*Task item*.
From the records below, pull each line that has "para".

*Data for review*.
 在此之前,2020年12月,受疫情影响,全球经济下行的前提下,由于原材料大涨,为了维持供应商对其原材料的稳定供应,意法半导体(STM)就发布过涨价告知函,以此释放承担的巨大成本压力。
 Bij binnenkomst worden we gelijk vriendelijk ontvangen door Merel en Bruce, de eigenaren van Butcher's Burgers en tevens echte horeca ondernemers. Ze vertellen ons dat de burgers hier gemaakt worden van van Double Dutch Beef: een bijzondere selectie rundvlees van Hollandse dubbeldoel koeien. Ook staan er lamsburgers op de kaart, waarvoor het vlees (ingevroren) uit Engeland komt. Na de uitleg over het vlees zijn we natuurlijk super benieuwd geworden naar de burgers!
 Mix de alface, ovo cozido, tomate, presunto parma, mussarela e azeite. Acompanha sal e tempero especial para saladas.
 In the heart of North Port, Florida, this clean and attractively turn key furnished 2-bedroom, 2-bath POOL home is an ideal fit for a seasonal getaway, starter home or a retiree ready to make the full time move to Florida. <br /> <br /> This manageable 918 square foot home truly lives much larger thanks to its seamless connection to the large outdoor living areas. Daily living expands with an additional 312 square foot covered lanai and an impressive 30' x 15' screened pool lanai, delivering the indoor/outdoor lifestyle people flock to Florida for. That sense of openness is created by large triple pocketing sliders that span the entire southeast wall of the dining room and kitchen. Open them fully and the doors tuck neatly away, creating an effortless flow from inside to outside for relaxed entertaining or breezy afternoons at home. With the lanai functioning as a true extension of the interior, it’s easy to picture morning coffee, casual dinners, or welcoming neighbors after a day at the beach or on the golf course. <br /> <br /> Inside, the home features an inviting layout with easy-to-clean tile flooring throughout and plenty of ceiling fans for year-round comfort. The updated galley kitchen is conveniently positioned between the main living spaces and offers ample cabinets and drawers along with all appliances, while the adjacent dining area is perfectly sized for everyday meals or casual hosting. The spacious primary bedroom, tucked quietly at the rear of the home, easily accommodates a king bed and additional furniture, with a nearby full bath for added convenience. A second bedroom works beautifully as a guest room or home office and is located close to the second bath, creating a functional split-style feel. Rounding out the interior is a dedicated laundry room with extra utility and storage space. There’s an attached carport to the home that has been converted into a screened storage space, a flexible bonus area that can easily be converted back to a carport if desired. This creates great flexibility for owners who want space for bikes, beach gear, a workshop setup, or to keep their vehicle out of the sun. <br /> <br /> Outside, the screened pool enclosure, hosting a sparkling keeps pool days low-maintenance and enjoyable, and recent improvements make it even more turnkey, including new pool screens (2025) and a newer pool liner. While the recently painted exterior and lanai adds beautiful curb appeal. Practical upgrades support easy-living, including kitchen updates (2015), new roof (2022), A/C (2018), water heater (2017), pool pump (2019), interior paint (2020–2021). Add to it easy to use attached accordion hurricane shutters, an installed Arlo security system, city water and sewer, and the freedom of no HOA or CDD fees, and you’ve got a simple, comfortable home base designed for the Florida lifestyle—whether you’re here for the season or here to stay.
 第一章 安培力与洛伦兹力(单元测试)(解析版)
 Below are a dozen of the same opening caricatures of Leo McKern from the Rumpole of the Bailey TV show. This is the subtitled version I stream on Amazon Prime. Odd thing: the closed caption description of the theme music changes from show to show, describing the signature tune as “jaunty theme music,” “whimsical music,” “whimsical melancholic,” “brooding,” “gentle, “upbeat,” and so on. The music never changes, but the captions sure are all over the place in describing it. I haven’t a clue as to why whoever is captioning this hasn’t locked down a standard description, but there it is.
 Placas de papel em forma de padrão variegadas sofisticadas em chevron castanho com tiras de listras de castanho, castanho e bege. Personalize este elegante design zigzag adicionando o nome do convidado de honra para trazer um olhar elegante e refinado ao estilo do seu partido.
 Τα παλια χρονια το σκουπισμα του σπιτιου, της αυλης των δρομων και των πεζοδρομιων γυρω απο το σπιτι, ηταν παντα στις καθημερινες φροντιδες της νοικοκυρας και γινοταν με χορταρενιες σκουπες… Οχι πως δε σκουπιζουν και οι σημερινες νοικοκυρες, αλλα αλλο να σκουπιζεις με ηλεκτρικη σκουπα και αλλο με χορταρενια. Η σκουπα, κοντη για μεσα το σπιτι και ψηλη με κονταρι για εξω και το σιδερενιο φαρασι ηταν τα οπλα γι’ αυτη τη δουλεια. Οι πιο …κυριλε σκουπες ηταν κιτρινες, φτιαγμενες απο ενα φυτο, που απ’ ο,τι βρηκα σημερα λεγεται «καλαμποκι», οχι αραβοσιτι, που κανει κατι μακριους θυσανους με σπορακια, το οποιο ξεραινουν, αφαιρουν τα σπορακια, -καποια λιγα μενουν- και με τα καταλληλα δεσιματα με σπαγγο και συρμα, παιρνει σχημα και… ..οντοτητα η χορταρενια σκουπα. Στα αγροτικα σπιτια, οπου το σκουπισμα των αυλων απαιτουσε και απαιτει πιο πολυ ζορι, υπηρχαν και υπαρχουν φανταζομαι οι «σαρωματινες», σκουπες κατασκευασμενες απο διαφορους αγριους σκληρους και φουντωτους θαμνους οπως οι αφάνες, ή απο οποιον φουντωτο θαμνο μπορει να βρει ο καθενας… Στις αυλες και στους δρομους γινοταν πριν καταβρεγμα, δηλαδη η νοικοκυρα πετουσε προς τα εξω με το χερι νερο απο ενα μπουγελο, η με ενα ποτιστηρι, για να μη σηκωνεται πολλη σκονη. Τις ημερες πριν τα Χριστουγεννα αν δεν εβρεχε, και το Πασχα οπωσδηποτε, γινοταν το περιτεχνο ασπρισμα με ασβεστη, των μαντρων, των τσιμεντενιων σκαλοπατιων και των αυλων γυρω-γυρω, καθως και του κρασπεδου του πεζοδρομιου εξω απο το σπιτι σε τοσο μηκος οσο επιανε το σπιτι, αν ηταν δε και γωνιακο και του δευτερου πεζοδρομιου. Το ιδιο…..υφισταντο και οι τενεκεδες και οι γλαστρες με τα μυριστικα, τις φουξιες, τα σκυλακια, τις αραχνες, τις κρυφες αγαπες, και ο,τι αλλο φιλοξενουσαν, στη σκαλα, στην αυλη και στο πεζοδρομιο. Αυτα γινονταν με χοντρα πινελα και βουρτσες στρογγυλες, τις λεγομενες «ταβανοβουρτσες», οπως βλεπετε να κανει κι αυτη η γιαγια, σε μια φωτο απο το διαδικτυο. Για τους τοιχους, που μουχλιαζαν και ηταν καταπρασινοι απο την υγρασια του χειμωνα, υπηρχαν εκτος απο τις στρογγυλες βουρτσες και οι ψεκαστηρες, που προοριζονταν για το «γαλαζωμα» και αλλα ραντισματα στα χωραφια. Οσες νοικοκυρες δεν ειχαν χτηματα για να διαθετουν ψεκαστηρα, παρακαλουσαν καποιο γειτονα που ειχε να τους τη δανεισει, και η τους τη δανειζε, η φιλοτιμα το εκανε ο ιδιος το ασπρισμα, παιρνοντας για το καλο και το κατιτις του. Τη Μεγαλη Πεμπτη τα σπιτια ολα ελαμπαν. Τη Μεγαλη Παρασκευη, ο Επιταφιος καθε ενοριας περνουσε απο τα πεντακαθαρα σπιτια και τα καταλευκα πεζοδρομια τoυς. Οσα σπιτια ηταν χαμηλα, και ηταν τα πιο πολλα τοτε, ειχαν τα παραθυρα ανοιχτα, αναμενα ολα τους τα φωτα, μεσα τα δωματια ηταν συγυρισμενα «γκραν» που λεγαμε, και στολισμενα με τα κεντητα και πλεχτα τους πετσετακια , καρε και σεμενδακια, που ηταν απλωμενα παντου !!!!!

*Result below*.
 Mix de alface, ovo cozido, tomate, presunto parma, mussarela e azeite. Acompanha sal e tempero especial para saladas.
 Placas de papel em forma de padrão variegadas sofisticadas em chevron castanho com tiras de listras de castanho, castanho e bege. Personalize este elegante design zigzag adicionando o nome do convidado de honra para trazer um olhar elegante e refinado ao estilo do seu partido.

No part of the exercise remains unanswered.